◆ EXERCISE DIRECTIONS ◆
Once you find the line with "Lotto composto da", output it and every line after it exactly, through the last line of the listing, but no pictures.

◆ COLLECTED DATA ◆
========

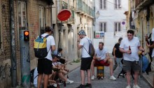 A group of young tourists is having beers in one of the narrow streets of the Bairro Alto (the Upper District). The neighborhood attracts foreign visitors and fado lovers. July 2023. Un groupe de jeunes touristes boit des bières dans l’une des rues étroites du Bairro Alto (le Quartier Haut). L’arrondissement attire les visiteurs étrangers…
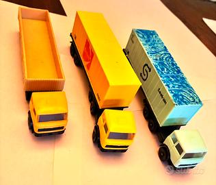 Lotto composto da tre autoarticolati Lima anni 70 . Rari . E quattro carri pianali fleischmann con container . Come da foto che fanno parte integrante della descrizione
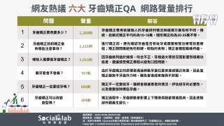 ▲ 網友熱議TOP6牙齒矯正QA 網路聲量排行

========

◆ ANSWER TO THIS PROBLEM ◆
 Lotto composto da tre autoarticolati Lima anni 70 . Rari . E quattro carri pianali fleischmann con container . Come da foto che fanno parte integrante della descrizione
 ▲ 網友熱議TOP6牙齒矯正QA 網路聲量排行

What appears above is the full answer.